CCK1 receptor is essential for normal meal patterning in mice fed high fat diet

Abstract Cholecystokinin (CCK), released by lipid in the intestine, initiates satiety by acting at cholecystokinin type 1 receptors (CCK1 Rs) located on vagal afferent nerve terminals located in the wall of the gastrointestinal tract. In the present study, we determined the role of the CCK1 R in the short term effects of a high fat diet on daily food intake and meal patterns using mice in which the CCK1 R gene is deleted. CCK1 R−/− and CCK1 R+/+ mice were fed isocaloric high fat (HF) or low fat (LF) diets ad libitum for 18 h each day and meal size, meal frequency, intermeal interval, and meal duration were determined. Daily food intake was unaltered by diet in the CCK1 R−/− compared to CCK1 R+/+ mice. However, meal size was larger in the CCK1 R−/− mice compared to CCK1 R+/+ mice when fed a HF diet, with a concomitant decrease in meal frequency.
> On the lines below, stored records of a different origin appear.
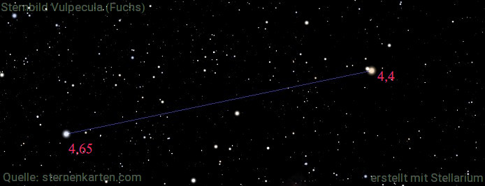 Eine Linie, die die zwei hellsten Sterne des Sternbilds verbindet. Sehr dunkle Sterne.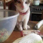 Eine kleine, einjährige, weiße mit grauen Flecken am Kopf Katze.
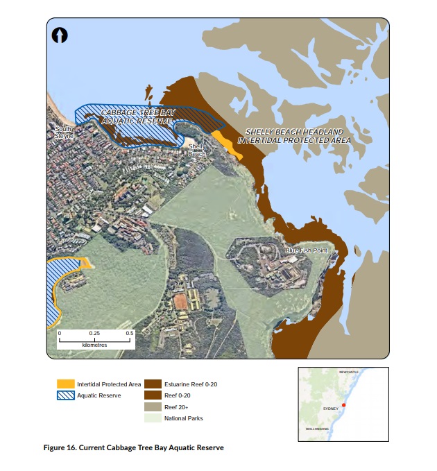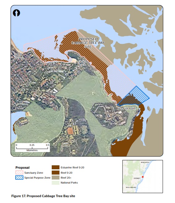 • The proposed site extends the current Cabbage Tree Bay Aquatic Reserve to Blue Fish Point.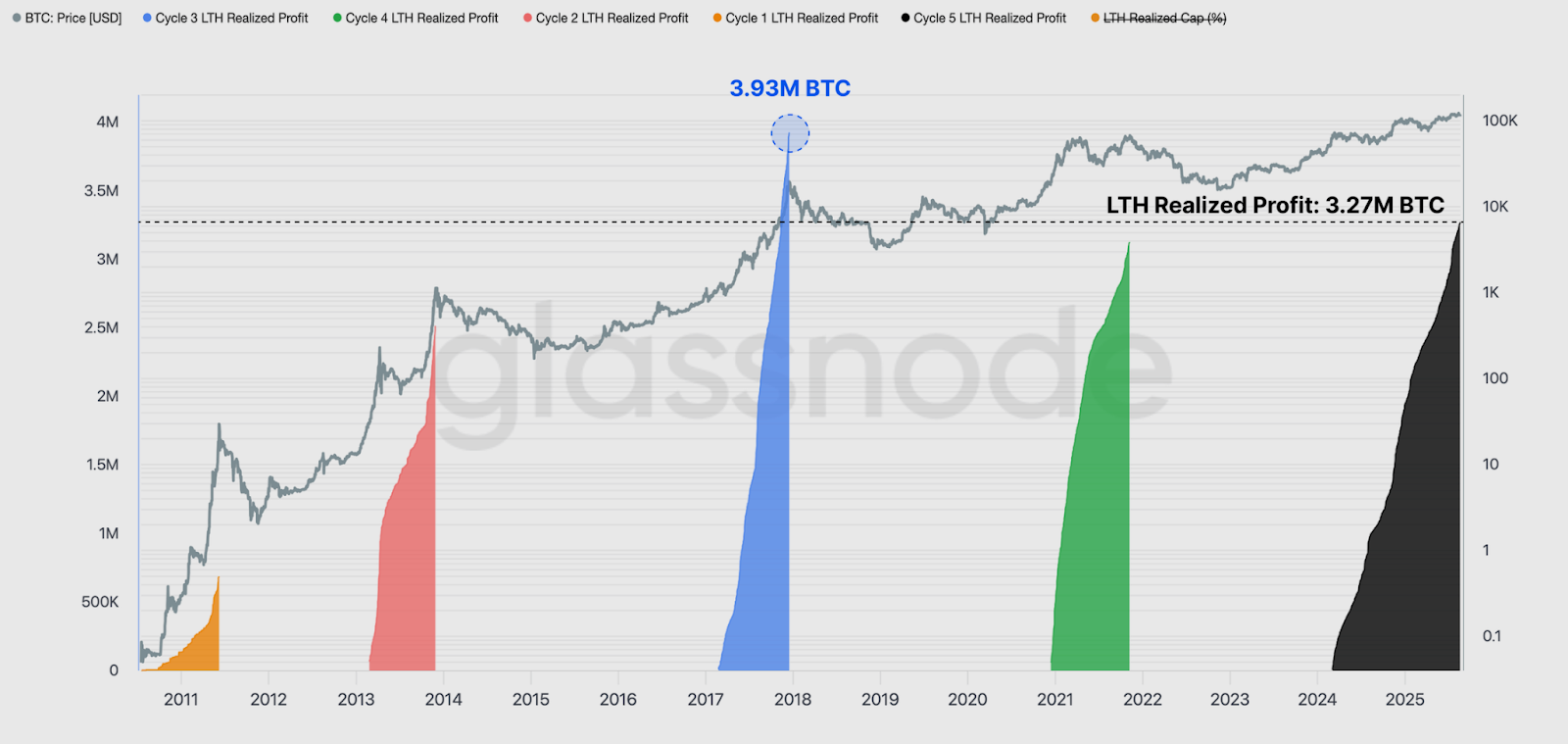 Analyzing the cumulative profit realized (in BTC terms) by long-term holders (LTHs) — investors who have held Bitcoin for at least 155 days — from the point of reaching a new cycle all-time high, until the final peak of the cycle, revealed that LTHs have realized more profit than in prior cycles.

Meal duration was increased in mice fed HF diet regardless of phenotype. In addition, CCK1 R−/− mice fed a HF diet had a 75% decrease in the time to 1st meal compared to CCK1 R+/+ mice following a 6 h fast. These data suggest that lack of the CCK1 R results in diminished satiation, causing altered meal patterns including larger, less frequent meals when fed a high fat diet. These results suggest that the CCK1 R is involved in regulating caloric intake on a meal to meal basis, but that other factors are responsible for regulation of daily food intake.